Lancé en 2003 par Sophie de Menthon, « J’aime ma boîte » fêtera ses 14 ans le 19 octobre. L’opération, soutenue par Emmanuel Macron, Luc Ferry, Bruno Le Maire, Laura Flessel, Pierre Gattaz ou Corinne Lepage, est également l’occasion de revenir sur les chiffres de satisfaction des employés vis-à-vis de leur entreprise.

 

Affiche "j'aime ma boîte" © J'aime ma boîte

Affiche « j’aime ma boîte » © J’aime ma boîte

69 %, c’est le nombre de salariés qui affirment aimer leur entreprise selon un sondage Opinonway pour « J’aime ma boîte » et Privateaser. « C’est le retour de l’entreprise paternaliste », expliquent les organisateurs de « J’aime ma boîte ». Aujourd’hui, au-delà du bien-être, c’est le mieux-vivre au travail qui est valorisé : « le « mieux-vivre » et l’épanouissement des salariés sont des facteurs clés pour la performance de l’entreprise. »

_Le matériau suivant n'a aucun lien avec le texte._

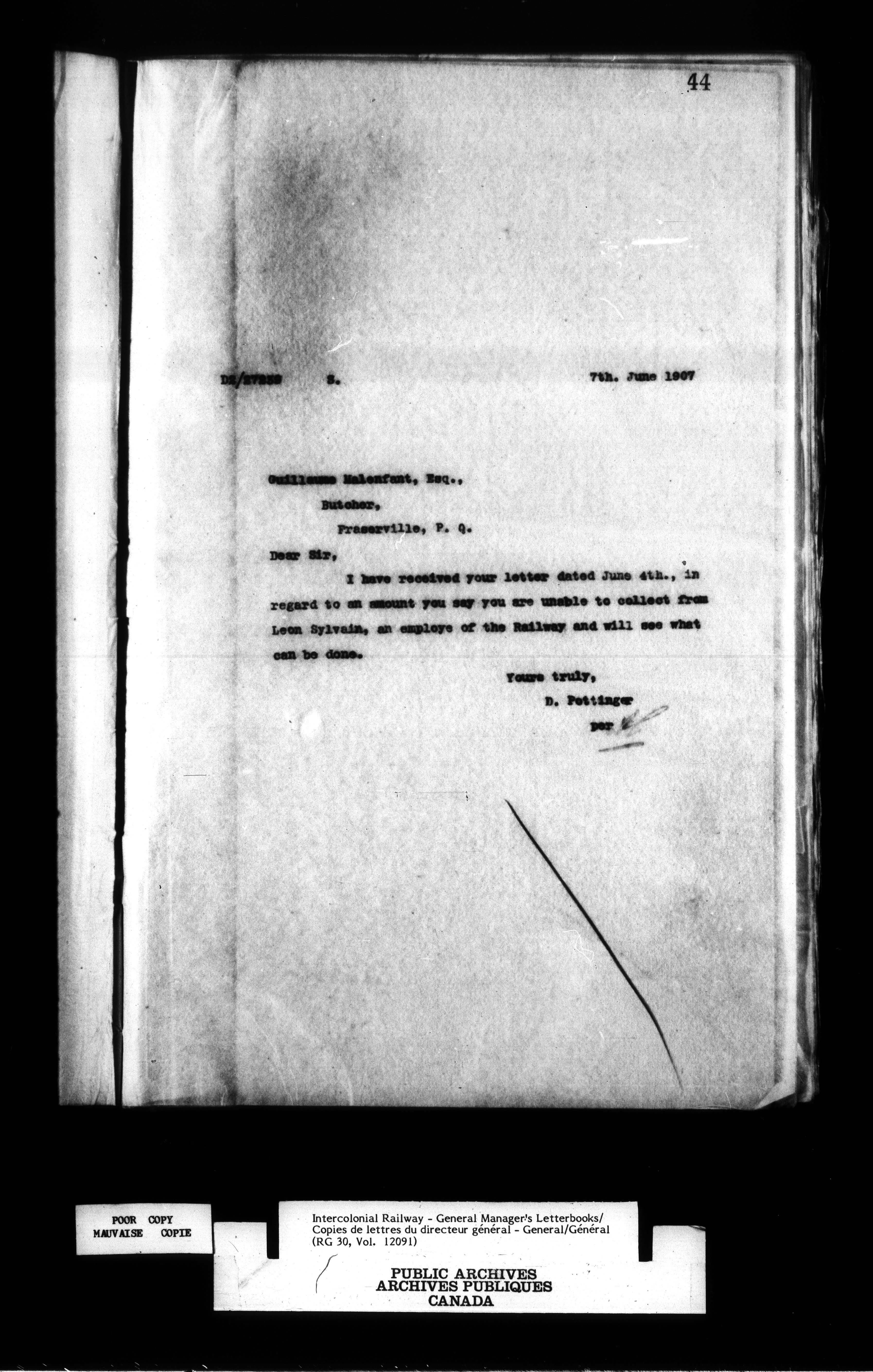 Canadian Government Railways : Office of the General Manager, Outward correspondence - 11691

« J’aime ma boîte », quésaco ?

« J’aime ma boîte » est une opération nationale se déroulant le jour de la fête des Entreprises, cette année le 19 octobre 2017. C’est l’occasion pour les salariés de monter des initiatives pour déclarer leur flamme à leur entreprise. « « J’aime ma boîte » permet de prouver qu’il peut faire bon vivre dans l’entreprise. Cette année, le slogan, c’est « fais bouger ta boîte ». Nous voulons montrer qu’il y a une dimension humaine importante dans l’entreprise. »

 

Pour certaines entreprises, « J’aime ma boîte » est l’occasion de prendre un déjeuner tous ensemble, pour d’autres, il s’agit de replacer le salarié au cœur du système. Alors que Gifi offre un repas à tous ses salariés et à leurs conjoints, d’autres, comme Go voyages, organisent des flash mobs.

 

Les moins de 30 ans adorent leur entreprise !

Parmi les salariés interrogés, 78 % des moins de 30 ans avouent aimer leur entreprise. Au sein des sociétés de moins de 20 salariés, ils sont 77 % à dire « J’aime ma boîte ». Quand on demande aux sondés s’ils se sentent utiles au travail, le chiffre grimpe à 82 % pour les salariés, toutes catégories confondues et réalise une pointe à 91 % pour les moins de 30 ans.

 

Que faut-il pour être heureux au travail ?

Selon le sondage, les salariés aimeraient plus de reconnaissance à 68 %, de meilleures relations avec le management à 26 % et plus d’échanges avec les collègues à 19 %. Ce dernier chiffre monte même jusqu’à 29 % chez les moins de 30 ans et représente la deuxième préoccupation chez les jeunes en termes de mieux-vivre au travail.

 

Vers l’afterwork et au-delà

La pratique de l’afterwork se développe de plus en plus dans les entreprises. Près de 47 % des employés interrogés se retrouvent après le travail pour aller boire un verre dans les bars ou manger ensemble. Cependant, si moins de la moitié des salariés pratiquent l’afterwork, près de 60 % déclarent que ce moment de détente est important pour le bien-être au travail – un chiffre qui monte même jusqu’à 70 % chez les moins de 30 ans. Malgré tout, dans 87 % des cas, l’afterwork n’est pas subventionné par l’entreprise. Avis donc aux sociétés qui souhaitent améliorer le bien-être au travail.